Founding Fathers rebut Obama on redistribution of wealth


First Obama in a 2001 interview on Chicago Public Radio:

If you look at the victories and failures of the civil rights movement and its litigation strategy in the court. I think where it succeeded was to invest formal rights in previously dispossessed people, so that now I would have the right to vote. I would now be able to sit at the lunch counter and order as long as I could pay for it I’d be o.k. But, the Supreme Court never ventured into the issues of redistribution of wealth, and of more basic issues such as political and economic justice in society. To that extent, as radical as I think people try to characterize the Warren Court, it wasn’t that radical. It didn’t break free from the essential constraints that were placed by the founding fathers in the Constitution, at least as its been interpreted and Warren Court interpreted in the same way, that generally the Constitution is a charter of negative liberties. Says what the states can’t do to you. Says what the Federal government can’t do to you, but doesn’t say what the Federal government or State government must do on your behalf, and that hasn’t shifted and one of the, I think, tragedies of the civil rights movement was, um, because the civil rights movement became so court focused I think there was a tendancy to lose track of the political and community organizing and activities on the ground that are able to put together the actual coalition of powers through which you bring about redistributive change. In some ways we still suffer from that.  (from www.michellemalkin.com)

Now the Founding Fathers ( from  www.advocateoftherepublic.blogspot.com)

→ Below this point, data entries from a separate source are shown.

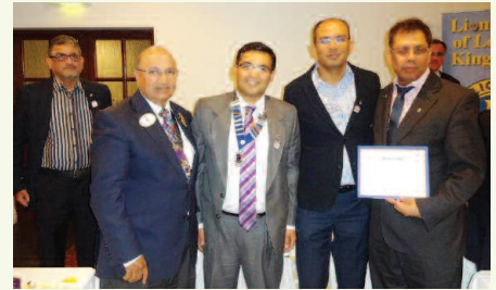
Welcome to new member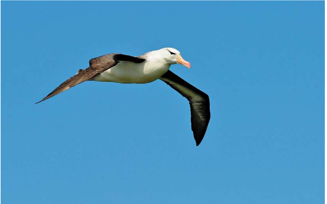
298 Black-browed Albatross / Wenkbrauwalbatros Thalassarche melanophris , adult, Helgoland, Schleswig-Holstein, Germany, 29 May 2014 (Roef Mulder)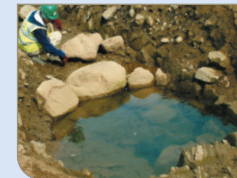
The flooded base of a well sunk through one of the backfilled ditches at Faughart Lower .

The site also contained two souterrains. The first of these underground passages was a 'double ender' with a constricted entrance at one end and an exit into the outer enclosure wall. Due to high bedrock, part of the 40 m long chamberless souterrain may have been 'hidden above ground', inside one of the inner enclosure banks. As the souterrain was built across two earlier, backfilled ditches it eventually started to subside and was re-lined in places. Finally, it was completely backfilled. The backfill included a plough share, several ring pins and what appears to be deliberately placed pieces of rotary quern-stones.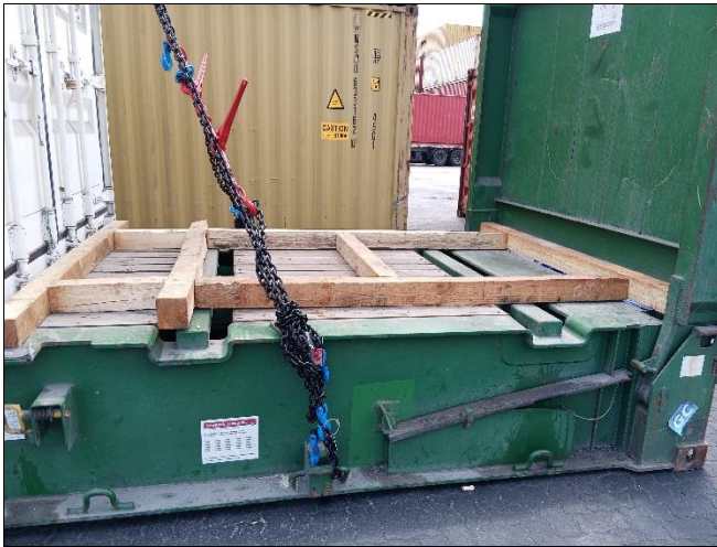
5. View of ladders 4"x 4" for chocking.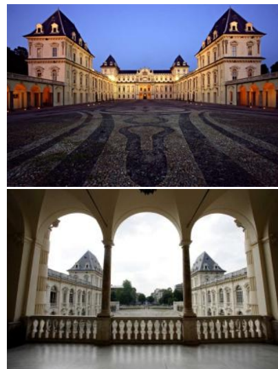
Pic. 1:

The Valentino is also one of the 22 structures of the UNESCO Site "Residences of the Royal House of Savoy". The study of this area and the design of a temporary light installation art would be part of the enhancement actions that are compulsory for the structures inscribed in the WHL.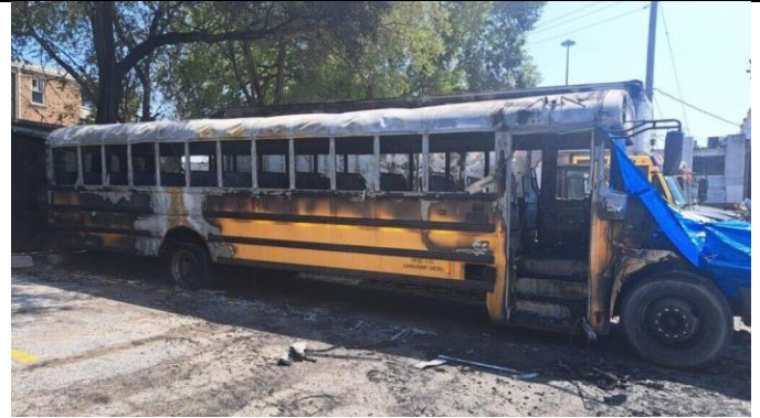
Burned out school bus used by a school for the Bobov Hassidic sect in Toronto

Toronto police told the CBC that it is investigating the fire in the school but that there is currently "no evidence" the fire was motivated by hate.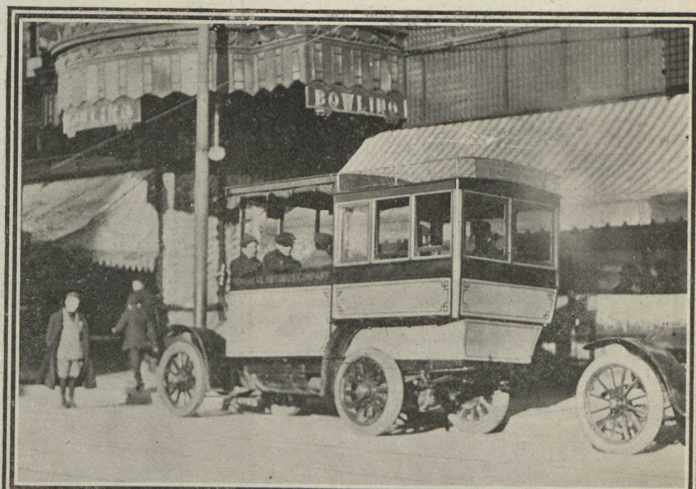
Another View of the Autibus in Operation. They Run from 8 a.m. to 12 Midnight. The First Rate Was Ten Cents, But This is to be Reduced to Five Cents When the Service Grows. The Promoters Say Over 2,000 Buses Will be Required Ultimately.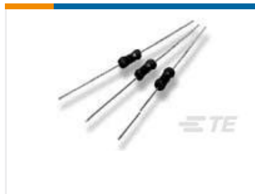
TE Part #2-1625885-6 1W SM M/OX 5% 180K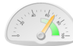
% public who believe NYP/Councils deal with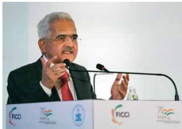
Reserve Bank of India (RBI) Governor Shaktikanta Das addresses during the annual banking conference organised by Federation of Indian Chambers of Commerce & Industry (FICCI), in Mumbai on Wednesday

During the pandemic, the RBI utilised flexibility in the monetary policy framework to tolerate a slightly higher inflation which was within the target range of 2-6 per cent, to ensure that overall economy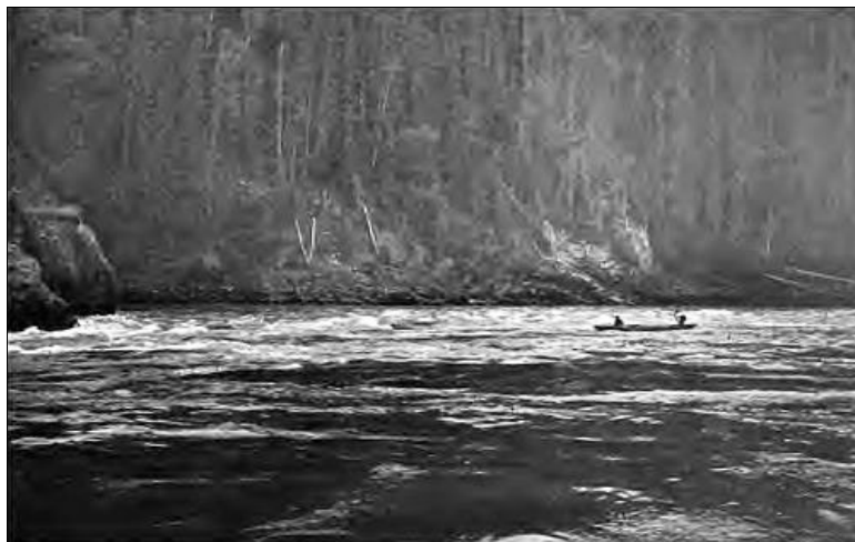
APPROACHING THE GRAND CAÑON ON THE FRASER RIVER

At last they pulled up alongside of a broad and brawling stream, turbulent but shallow, a little threatening to one not skilled in mountain travel, but not dangerous to a party led as was this one, by a man acquainted with the region.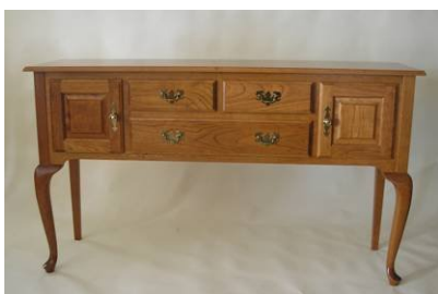
Queen Anne Huntboard

The Buffet provides a superb focal point for those whose entertaining style leans toward the casual. As a buffet table or a place to repose multiple courses, the longer buffet cabinets provide ample space for quite a spread. As with the sideboard, serving utensils and "good" flatware store handily in the shallow drawers (with optional silverware liners). Larger serving dishes and other utilitarian miscellany find their place behind the ample lower doors, where, though hidden from view, they are readily available.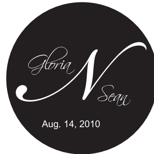
A10. Bickham Script Std Scriptina Pro Arial

Not all designs will fit every image area. Alterations may be made in some instances.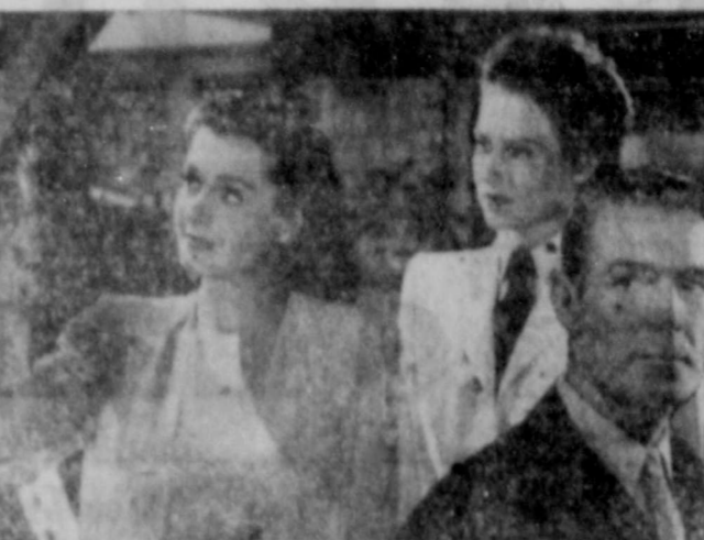
The eternal triangle... "China Sky," a story of love and destiny by Pearl S. Buck, starring Randolph Scott, Ruth Warrick and Ellen Drew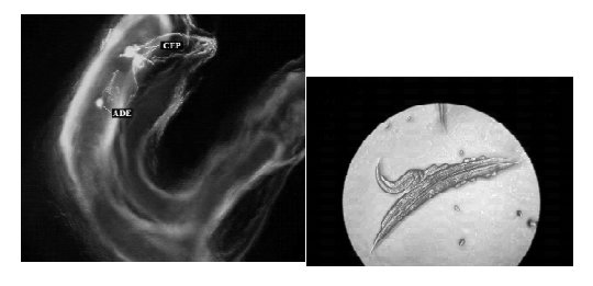
(a) (b) Figure: 1 (a) Adult N2 worm (b) Adult Transgenic BY250 worm.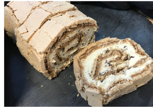
PR5053 Baileys & Choc Roulade (1 x 10 portions) WAS €10.90 NOW €10.00* SAVING €0.90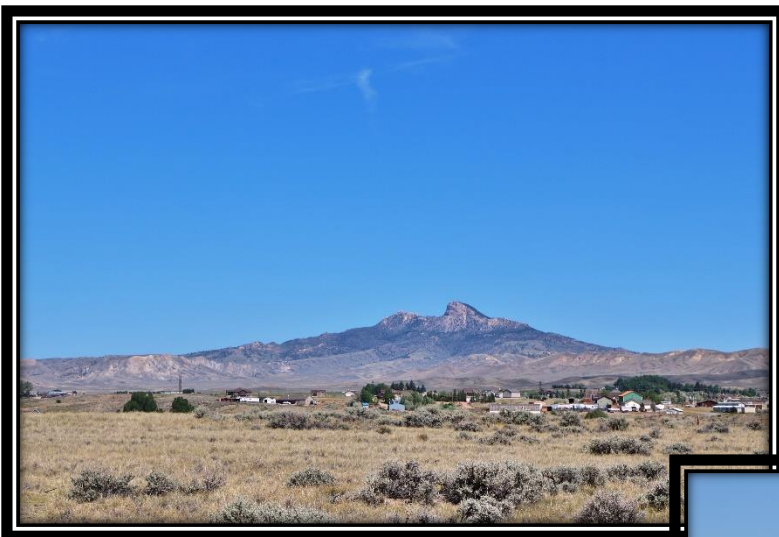
View of Heart Mountain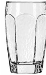
Beverage No. 2488 ● 12 oz./35.5 cl./355 ml. H5¼ T2¾ B2¼ D3½ 3 doz./26# • 1.33 cu.ft. SCC 753857 TRAEX TR-12HH □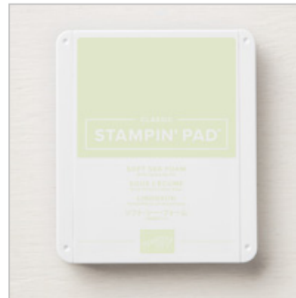
Soft Sea Foam Classic Stampin' Pad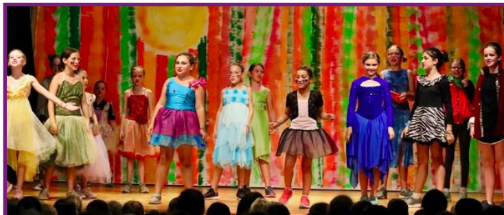
SESSION 2, SHOW 1: Horton Hatches an Egg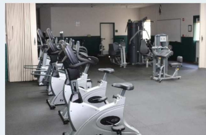
Interior finishes, furniture, and equipment in Jaycee Shack Park and Mildred Hunter Community Center that are in good condition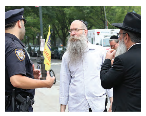
BY WORKING WITH COMMUNITY MEMBERS MORE CLOSELY AND COMPLETELY THAN EVER BEFORE, THE NYPD REINFORCES ITS COMMITMENT TO FINDING COMMON GROUND ON LOCAL GROUND.

All of these efforts are part of reinforcing the trust spoken of by Sir Robert Peel: "The power of the police to fulfill their functions and duties is dependent on public approval of their existence, actions, and behavior, and on their ability to secure and maintain public respect."

When the people find that they can vote themselves money, that will herald the end of the republic.”
-Benjamin Franklin

“To take from one, because it is thought his own industry and that of his fathers has acquired too much, in order to spare to others, who, or whose fathers, have not exercised equal industry and skill, is to violate arbitrarily the first principle of association, the guarantee to everyone the free exercise of his industry and the fruits acquired by it.”
-Thomas Jefferson, letter to Joseph Milligan, April 6, 1816

“A wise and frugal government … shall restrain men from injuring one another, shall leave them otherwise free to regulate their own pursuits of industry and improvement, and shall not take from the mouth of labor the bread it has earned. This is the sum of good government.”
-Thomas Jefferson, First Inaugural Address, March 4, 1801

“Congress has not unlimited powers to provide for the general welfare, but only those specifically enumerated.”
-Thomas Jefferson

“The moment the idea is admitted into society that property is not as sacred as the laws of God, and that there is not a force of law and public justice to protect it, anarchy and tyranny commence. If ‘Thou shalt not covet’ and ‘Thou shalt not steal’ were not commandments of Heaven, they must be made inviolable precepts in every society before it can be civilized or made free.”
-John Adams, A Defense of the Constitutions of Government of the United States of America, 1787

“I cannot undertake to lay my finger on that article of the Constitution which granted a right to Congress of expending, on objects of benevolence, the money of their constituents.”    James Madison, 4 annals of Congress

“…[T]he government of the United States is a definite government, confined to specified objects. It is not like the state governments, whose powers are more general. Charity is no part of the legislative duty of the government.”
-James Madison

“I am for doing good to the poor, but I differ in opinion of the means. I think the best way doing good to the poor, is not making them easy in poverty, but leading or driving them out of it.”
-Benjamin Franklin

“The Constitution only gives people the right to pursue happiness. You have to catch it yourself.”
-Benjamin Franklin

 

Now some of these guys were slave owners,  so it may be tempting to dismiss them. But they spoke up  passionately  against the redistribution of wealth.  These were men who risked life and limb to resist British tyranny. They were not mere hypocritical fat cats. They saw the British monarchy ‘redistribute’ wealth to itself  from the  Americans. This issue mattered a great deal to them. It was no small thing then, and it isn’t now.